Chris learns that his coming and the timing of “the gathering” is by design and that these wealthy rich pricks are in fact a sect of social vampires, preying on primarily black youth in order to “become” them. Lovely Rose is the bait that lures them in and Mom and Dad (and Grandpa, who is not nearly as dead as Dean claims) are the architects of a sort of scientifically satanic process to dehumanize and control their ebony prey.

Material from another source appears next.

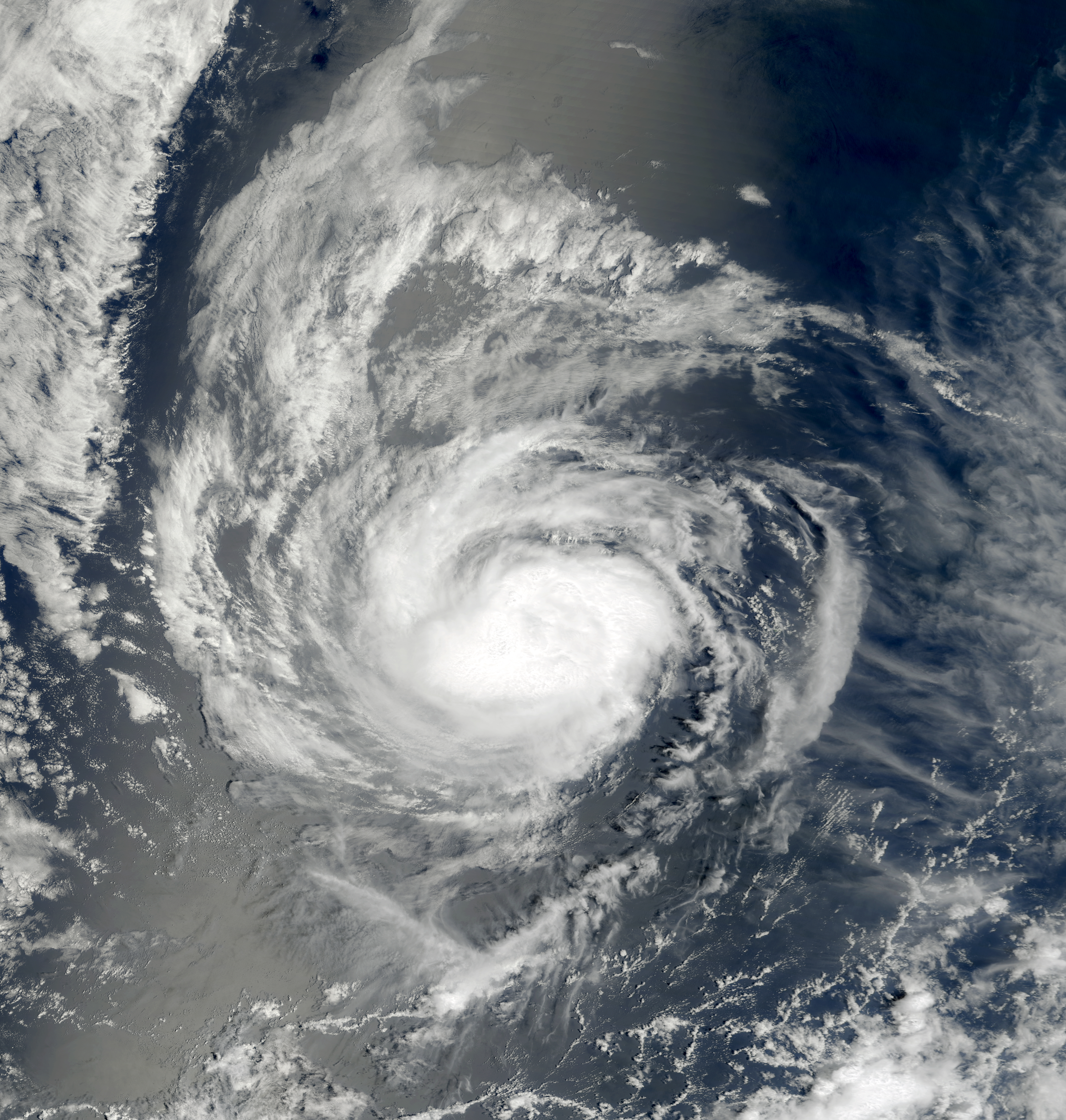 This image of Hurricane Kristy was captured by the MODIS instrument on NASA's Terra satellite at 1843 UTC on August 31, 2006 when it was located in the eastern Pacific Ocean. At the time, maximum sustained winds were 75 mph and the minimum pressure was approximately 987 mb.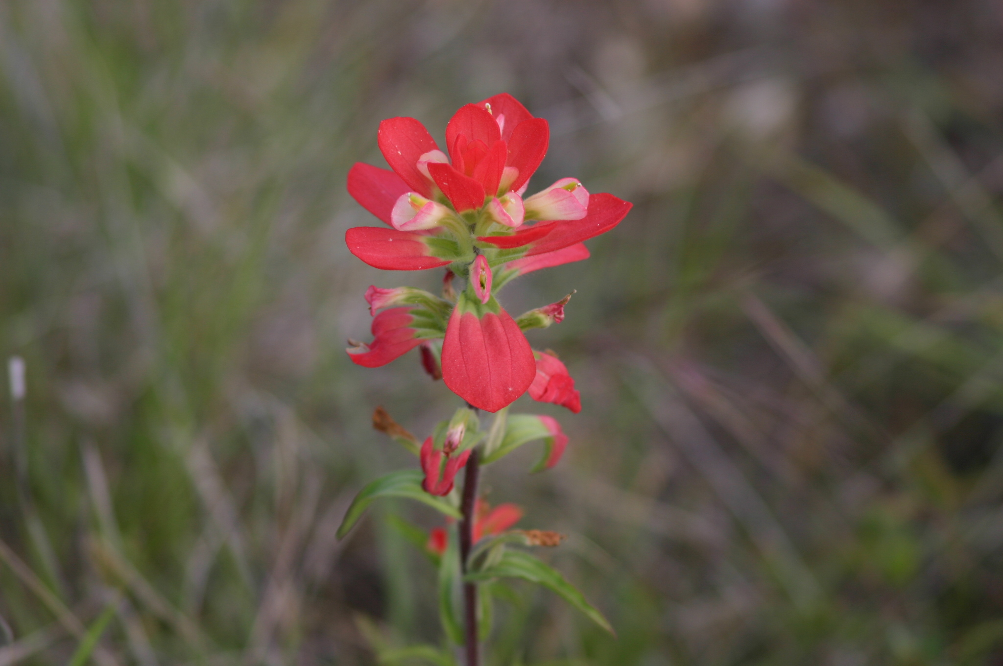 Castilleja indivisa (Entire-leaf Indian Paintbrush, also known as Texas Paintbrush). Photo taken at Gorman Creek Trail, Colorado Bend State Park, Texas, USA

And though the blind art dealer (a bit that reminded me of the old Dave Chappelle skit about the blind, black white supremacist) claims that race is not important to him in this mission, that he likes Chris’ photography and simply “wants his eyes”, that might be the most vulgar indictment in the entire film. That someone who claims to be indifferent to race goes along with this “genocide” in order to reap its professional benefits. And what of Rose, the monstrous woman who uses love and sex to play her part in her family’s barbaric dynasty? Is she a victim? Or is she like the countless other young people who exploit the lives of minorities in order to indulge their own fantasies of being loving and liberal? As Chris is subjected to torture in the family’s basement, Rose now chillingly surfs the net, googling black men and women both common and famous with a look in her eye that’s cold and insect-like, the gallery of selfies hanging on her wall showing her smiling with her litany of victims. It’s scary stuff.

When the lights went up on Get Out, I was shaken. I exited the theater and while my friend used the facilities, I leaned against a wall and tried to re-acclimatize myself to the “real world”. I was disoriented and fearful. And suddenly, people began spilling out into the halls from another film. They were older, predominantly white men and women. And they were staring at me. Or were they? For a few minutes I forgot who I was. I wasn’t Chris Alexander, the writer of this article, I was Chris Washington. I suddenly felt a deep sense of mistrust. I felt like “the other” hiding in a hostile environment that was hiding in a kind of gauzy mask.

I was at that moment, briefly, profoundly alone and afraid.

And that’s no way to live. And I think that’s the point of Get Out, really. That we can pretend that racism and hatred are either eradicated or pushed to the fringes of the world, that here in “polite society” such ancient demons could never exist.

But they do. And the more we deny their existence the more powerful they become. Get Out teaches us to be ever-vigilant and aware and that’s not being paranoid, that’s just sad, bitter common sense.